Ahoi,die alten DAM Wellenpilker sind legendär. Mit der 70g Variante konnte ich meinen bisher größten Ostsee Dorsch fangen. Auch wenn der Trend zum
Gummi geht,fische gern mit den DAM Pilkern. Ich besitze mehrere hundert Pilker aus Nachlässen oder von Fischern
aber ans Band geht wenn Pilker gern ein alter Klassiker.                         Kürzlich konnte ich auf dem
Flohmarkt 4 nagelneue aber sehr alte DAM Wellenpilker in der mir bis dahin unbekannten 30g Version erstehen.
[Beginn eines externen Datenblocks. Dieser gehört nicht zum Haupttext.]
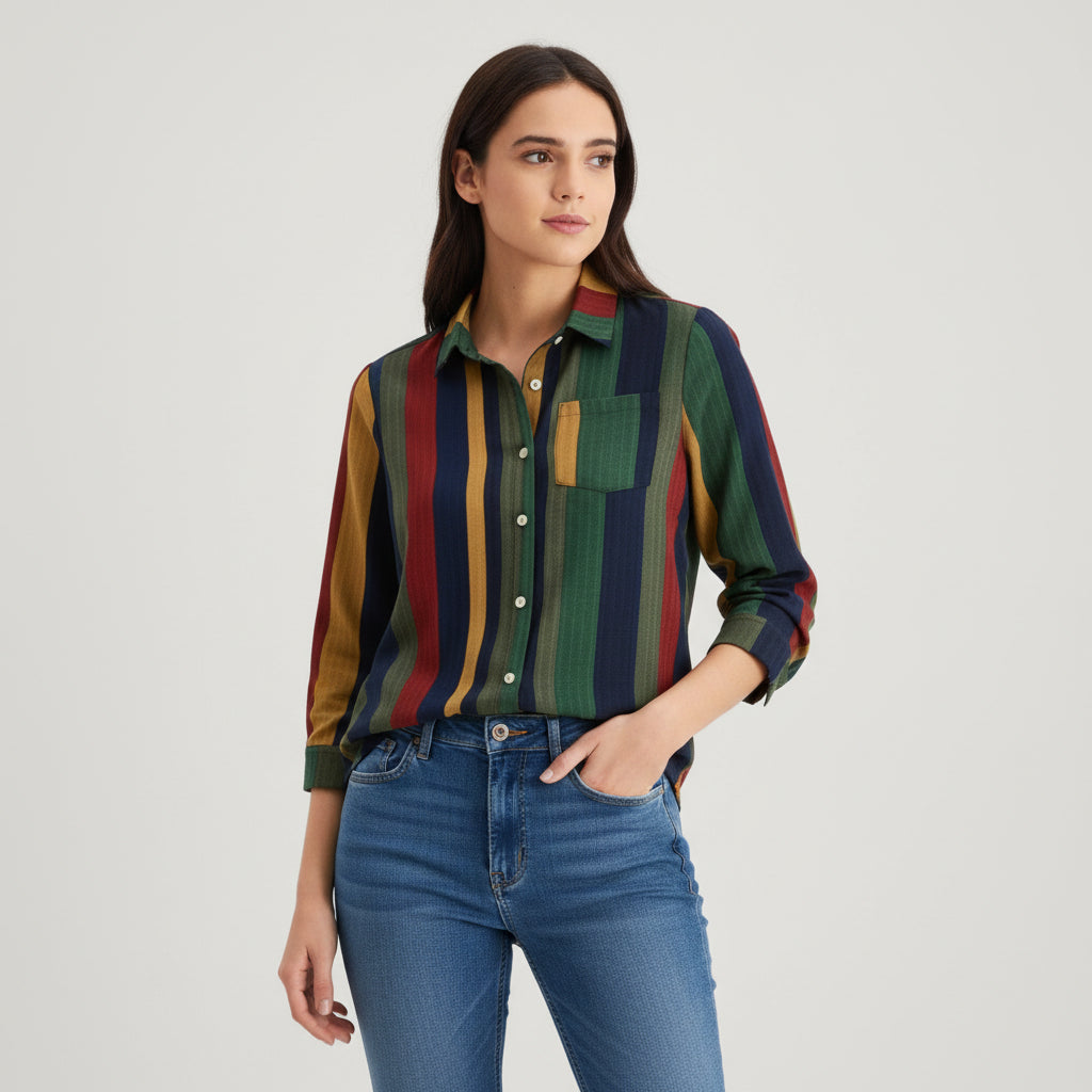 Women's Contrast Color Button-Down Blouse

Die haben in kürzester Zeit viel Fisch gefangen. Hin und findet man alte Originale in der 1.2.3 deins Bucht.


----------



## yukonjack (27. Dezember 2016)

*AW: Wer kennt Helbi Fish ???*

Ja, haben die alten Dinger nun wirklich besser gefangen? Wenn ich so zurück denke, 2,40m Steckrute, WG so um die 50gr. (bis 120gr. Pilker ran gebammelt) 0,45 Mono und ne Rolle die ich heute nicht mal auf Aal verwenden würde. Wir haben damit alles(reichlich), Dorsch, Wittling ,Hornhecht und Platte gefangen. Alles mit Pilkern ab 80gr.
 Ich rede hier vom Kutterangeln (Heiligenhafen/Fehmarn) und davon dass wir damals noch 2,5- 3 Std rausgefahren sind. Heute müssen die Kutterkapitäne ja aufpassen dass sie keinen Bellyboot-Fahrer versenken.


----------



## yukonjack (27. Dezember 2016)

*AW: Wer kennt Helbi Fish ???*



Trollegrund schrieb:


> Ahoi,die alten DAM Wellenpilker sind legendär. Mit der 70g Variante konnte ich meinen bisher größten Ostsee Dorsch fangen. Auch wenn der Trend zum
> Gummi geht,fische gern mit den DAM Pilkern. Ich besitze mehrere hundert Pilker aus Nachlässen oder von Fischern
> aber ans Band geht wenn Pilker gern ein alter Klassiker. Kürzlich konnte ich auf dem
> Flohmarkt 4 nagelneue aber sehr alte DAM Wellenpilker in der mir bis dahin unbekannten 30g Version erstehen. Die haben in kürzester Zeit viel Fisch gefangen. Hin und findet man alte Originale in der 1.2.3 deins Bucht.



willst du uns jetzt neidisch machen, du Glücklicher----------


----------